Data below:
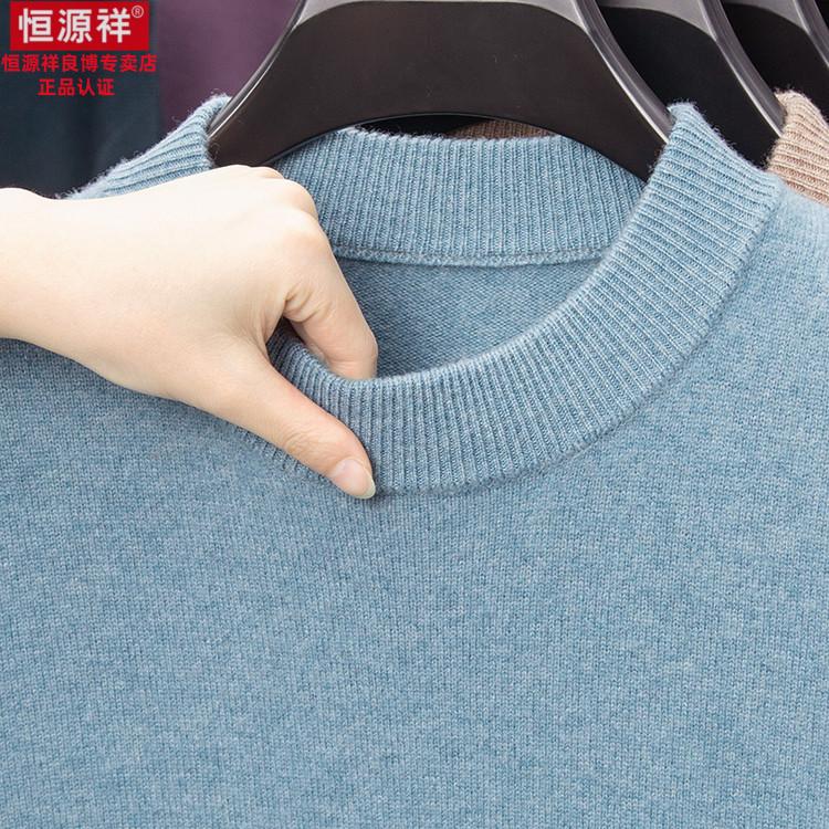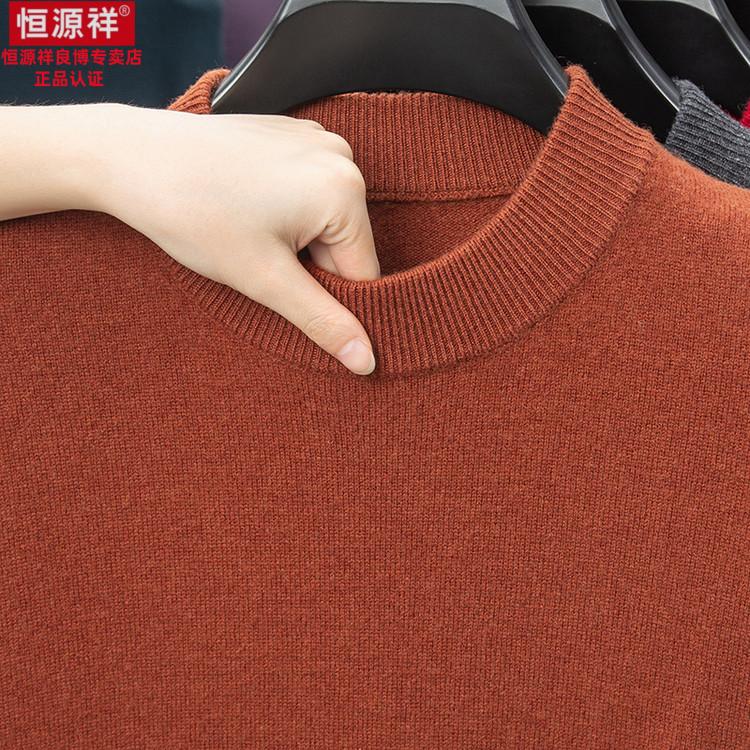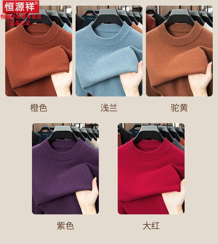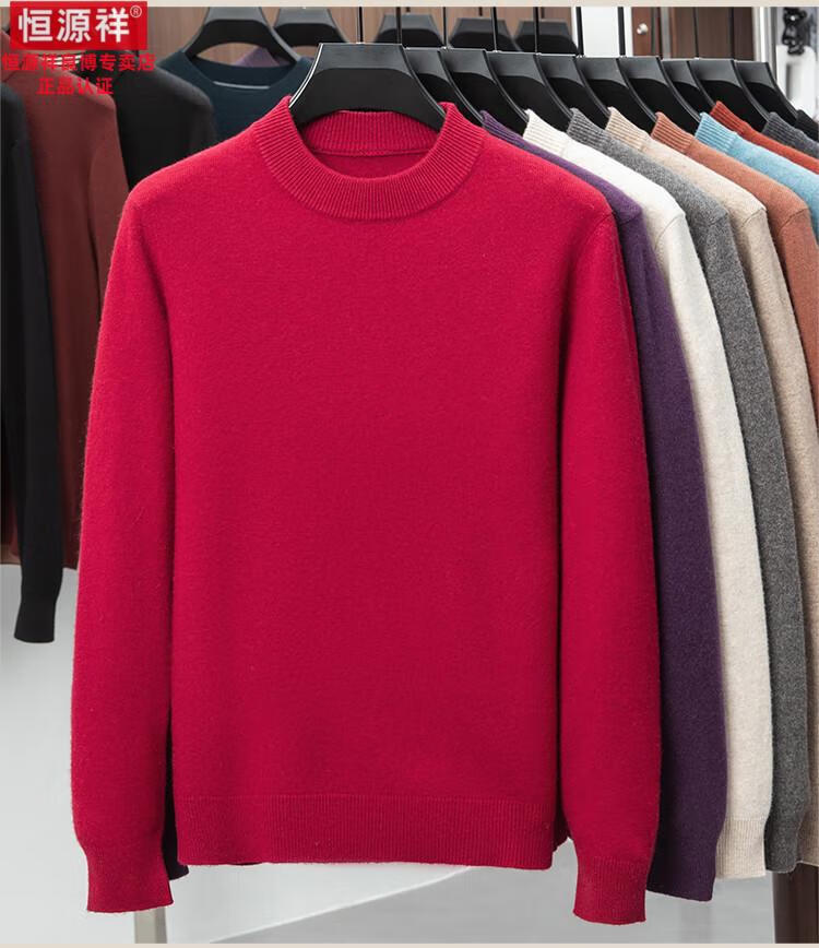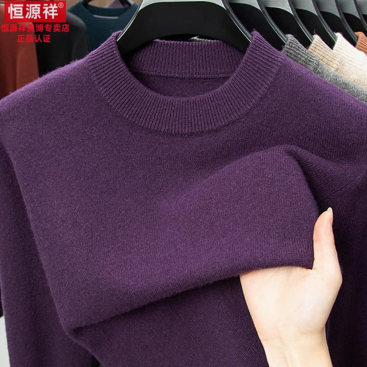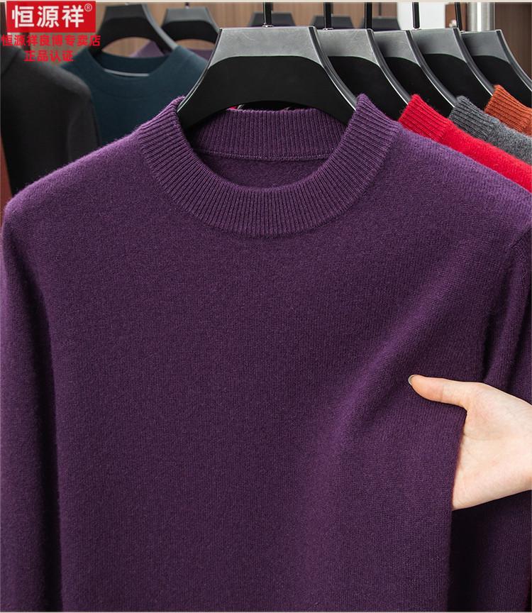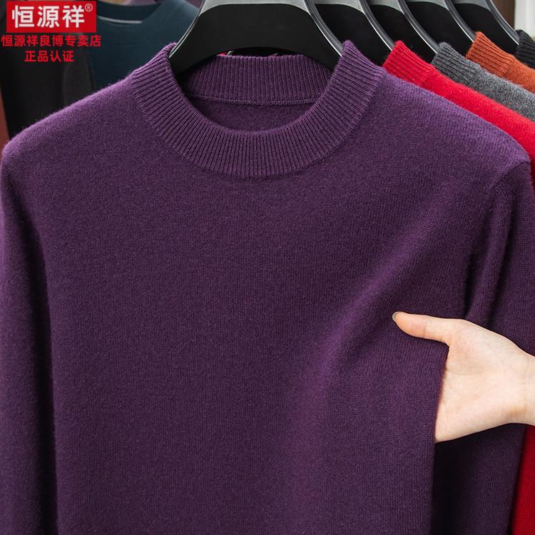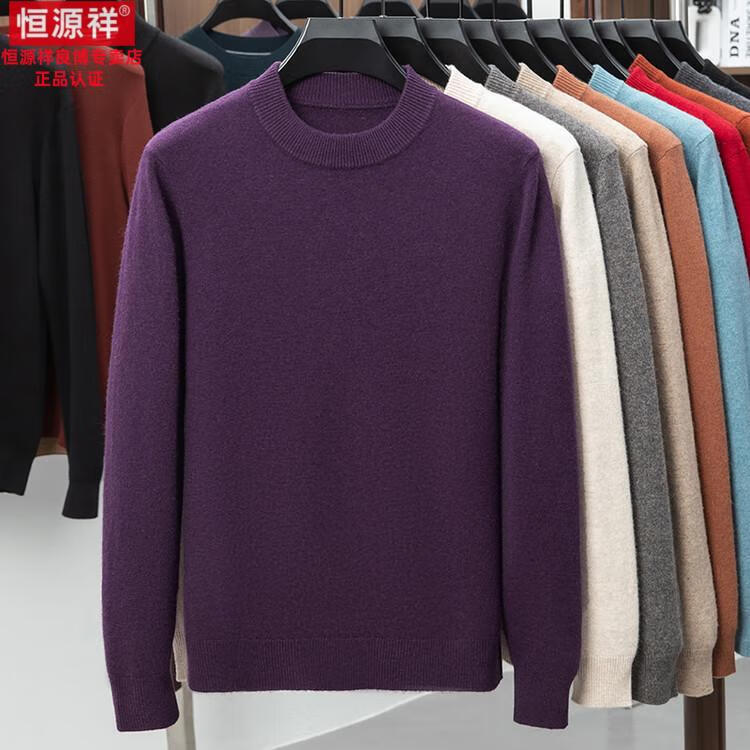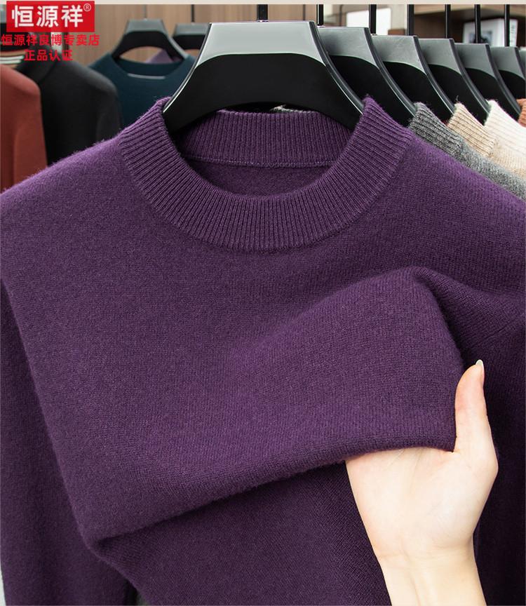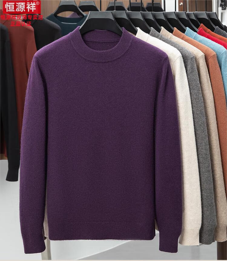 Hengyuanxiang 200 count worsted wool sweater men's 2025 winter new round neck sweater warm dad sweater thick purple thick XL
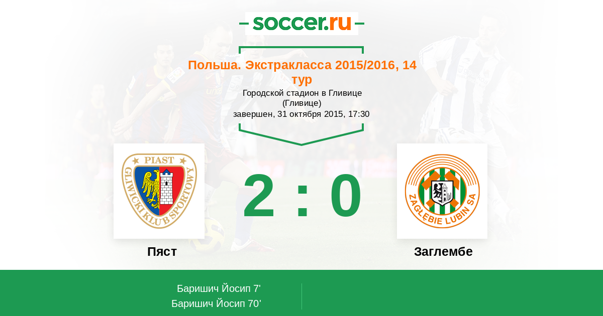 Протокол матча Пяст против Заглембе
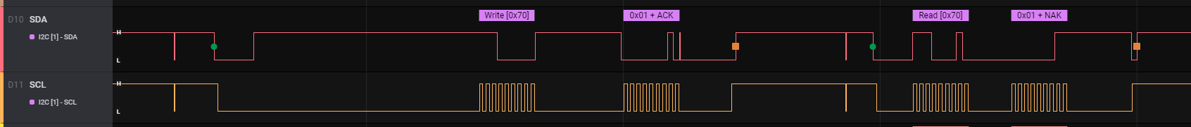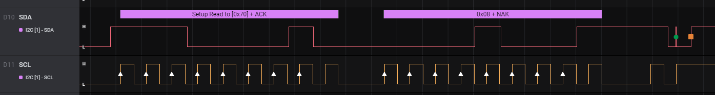 As you can see in the capture, the buses become active once the command is received. But Even sending 0x09 gives back 0x08 when reading the register.

Prompt: Without the pictures, print the whole listing exactly as given.

Answer section:
 Hengyuanxiang 200 count worsted wool sweater men's 2025 winter new round neck sweater warm dad sweater thick purple thick XL
 Протокол матча Пяст против Заглембе
 As you can see in the capture, the buses become active once the command is received. But Even sending 0x09 gives back 0x08 when reading the register.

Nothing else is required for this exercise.